Novel *Yevgeny Zamyatin * O.G. Dystopia * 1924


We, a strange Russian contribution to early 20th century science fiction, is arguably the first instance of what most people would consider a dystopia. In its rawest form, a dystopia is the inverse of a utopia.  Used in this sense, I’m not talking about the boring Thomas More kind of utopia, but rather the whiz-bang science fiction kind as popularized by H.G. Wells. So, instead of everything being made totally awesome by science and progress, the dystopian vision of the future examines how technology is leveraged by a malicious power to make society super terrible for us plebs.

The specific dystopia in the novel is a society that calls itself OneState, which is led by an absolute ruler who is called The Benefactor. The citizens of this society are technically human, but they have been distorted by life in OneState. This future is presented as an endpoint of humanity, in which the species has closed in on “perfection” by mimicking machines in organization and operation. There are no individuals here. No one has a name, only a number. Everything from work to procreation is scheduled and organized according to efficiency, and everyone is happy in their role because they’re not bothered by things like feelings and the other longings of the meat body. Everyone lives in a literal bubble, which protects the society of OneState from the unknowable wilderness of the rest of Earth and allows The Benefactor mastery over how humanity evolves.
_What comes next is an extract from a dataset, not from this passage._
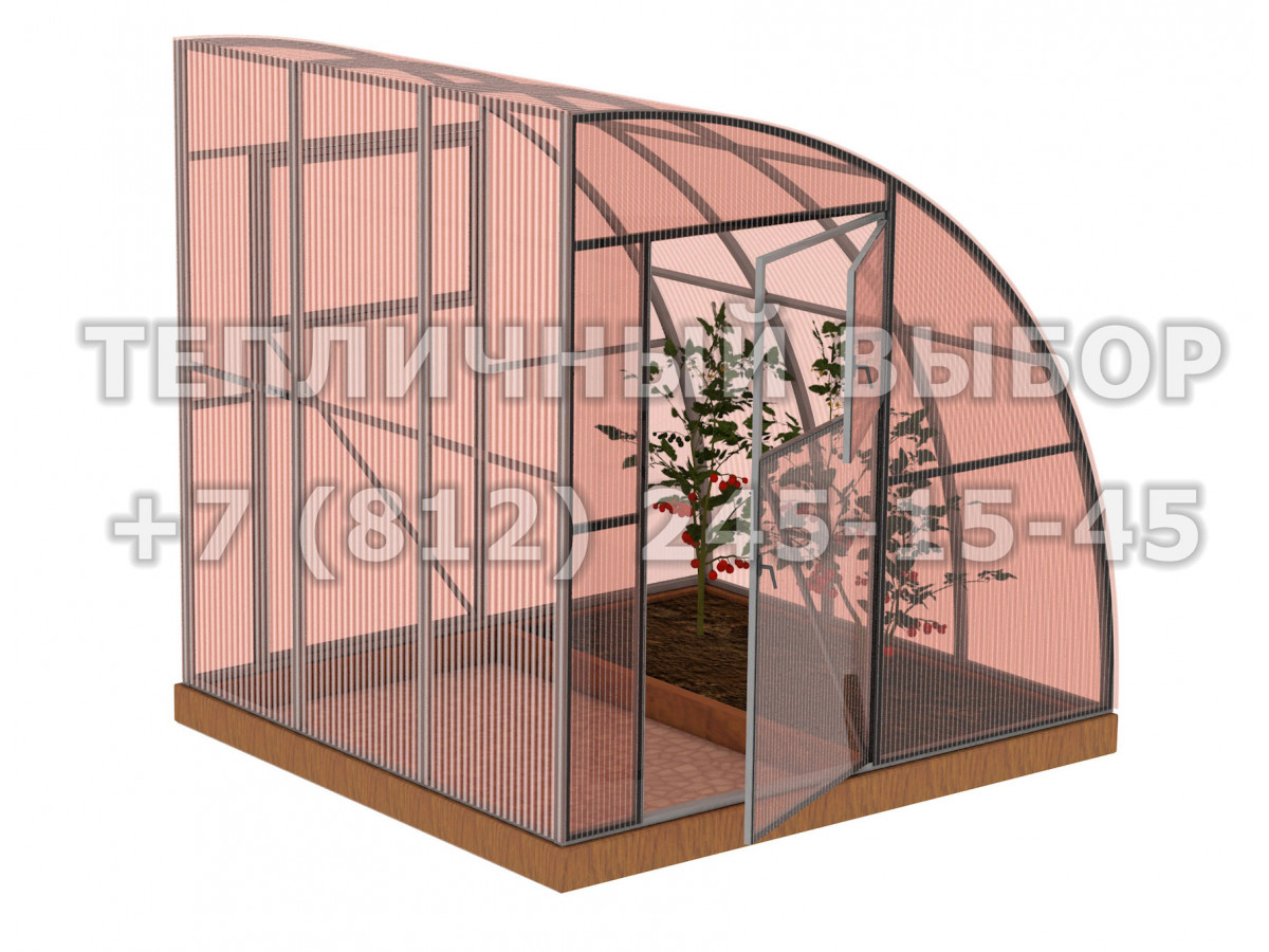 Теплица из поликарбоната-фито Усиленная Пристенная 2,3х2 h=2.1 м профиль 25х25 мм

The protagonist of this tale is D-503. He is a very happy mathematician who has the distinction of building the INTEGRAL, which is spaceship designed to fly around the universe and “convince” aliens that mathematical happiness is the only true happiness. I mean, they’re Science Mormons. We then sets up a template for future dystopian fiction. D-503 soon meets a sassy woman, I-330, who repels and attracts him with her ridiculous “ideas” and “beliefs.” Once that happens, D-503 is set upon a path towards individual thought, which would be seen by the society he lives in as the beginning of a downward spiral towards base humanity. Pretty soon he’s sick with the same disease that infects I-330, which is to say, acting like a normal person. They start sneaking around and making out and eventually a world of rebels and secret police and omnipresent surveillance is revealed. Eventually chaos erupts. There is a good deal of rationalizing and fretting by the protagonist, which escalates to the imminent threat of death and brainwashing, not to mention the total collapse of society. I’m not one to give away endings in the synopsis, but suffice to say it is a bit of a bummer. Because dystopia.

we (1)

Alternate covers are fun. My personal copy is this weird fuckin’ guy.


We is a difficult work to discuss, because to be quite frank, as a work of fictional writing, it just isn’t particularly good. Yet, as a novel, it is still an important work of art. If that sounds like a confusing paradox, that’s because it is. It has always seemed to me that when presented with a work that is in The Canon (and this novel may or may not qualify, it’s complicated) the impulse is to accept that the writing involved is on another level. The truth is, there is more to literature than quality of writing. We isn’t worth studying because it’s a good read. The book isn’t terrible by any means, but the characters are flat and the world is kind of goofy for something that’s supposedly taking itself seriously. The pacing is wonky and the overall narrative is kind of meh. Now, take all that negative stuff I just said, and throw it in the garbage, because it doesn’t really matter. We is an important work. It functions sort of like an historical artifact in that the book shines a light onto the society it sprang from. It’s a unique look into a society that most of us can’t really conceptualize.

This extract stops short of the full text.